Absent knowledge about the way that your client actually uses their database I would suggest you go for Log backups every 10 - 15 minutes, 24 hours a day (don't stop them at night because "no one is at work", there may well be overnight jobs running, if not now then in future).

http://minionware.net/backup/

They have other stuff for rebuilding indexes, which would be worth doing to (if there is nothing, currently, that does that from time to time)

If you embark on that road, and your company has other clients using SIMPLE Recovery Model and you establish that their data is seriously at risk in the event of a disaster, I would suggest that you ought to try to get your company to sort that out - once you have a nice simple canned solution under your belt

ScottPletcher · February 10, 2016, 5:45pm

Also, you could use an INSTEAD OF DELETE trigger to prevent DELETEs unless the conditions were valid for the DELETE. If you never allow DELETEs on that table, you simply log that a DELETE was attempted and cancel the DELETE. If the app does do some legitimate DELETEs, you'd have to add a validating factor, such as setting a particular CONTEXT_INFO() value or pre-loading a specified table row, for example.
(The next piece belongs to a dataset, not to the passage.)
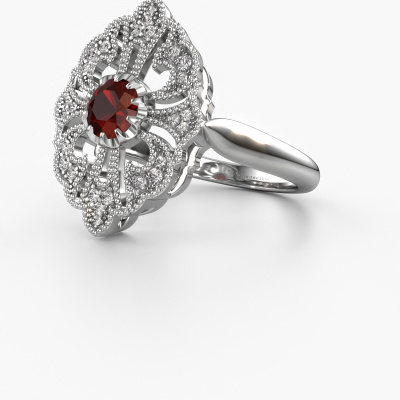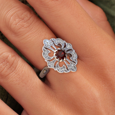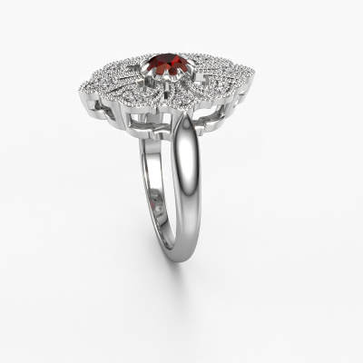 This 14 Carat white gold ring is called Naida and is set with 5 mm garnet. Is your girlfriend hooked on vintage? Then this white gold graceful engagement ring will surely match her style perfectly. A trendy ring with just a hint of vintage adornment. A truly stunning, romantic design! Especially when you customize your ring to your own liking. This vintage cluster engagement ring is set with stunning garnet. As you can see, you are the boss in selecting a gemstone which matches the style of your girlfriend best. Each gemstone is carefully selected by our merchants whom are spread throughout the world. Nothing but the best gems for our expert goldsmith. After all, it is his crowning glory! Each jewel is made just for you by our master goldsmiths in our own studio.By using a combination of the latest modern techniques, combined with ancient crafting, we can make all our engagement rings in our own studio. Each jewel is made to order. This is advantageous because we can offer you a price you won't find anywhere else.Do you have a specific ring in mind? One you came across somewhere. Please feel free to tell us your wishes and we will turn your design into a unique engagement ring. You can follow the development of your ring design because we use 3D drawings. This gives you a realistic preview of your design. We will gladly send you a non-binding offer, based on a fair price/ quality ratio. It will amaze you.To make it easier for you, we offer a 30 day return policy. Check our terms and conditions.

The problem with that is, if others have access to the code, they can simply reproduce the validating condition and continue doing their own DELETEs.

I wouldn't recommend you turn on full recovery model unless you have someone with some expertise to watch over the log backup process. You might instead add differential backups or increase their frequency, if diffs are already being used.

Allan · March 5, 2016, 5:59pm

I took Kristen's advice, got permission from the customer and ran the profiler over a weekend. The deletions did occur in that time, but examination of the result simply confirmed that the rows were not actively being deleted. That left rollback. After some more research I came to use SET XACT_ABORT ON within the stored procedure that creating the rows. It used a transaction which apparently was failing but not being rollback until a later query. The new procedure has been in place over a week and so far no missing rows. In the past it never went that long without an instance.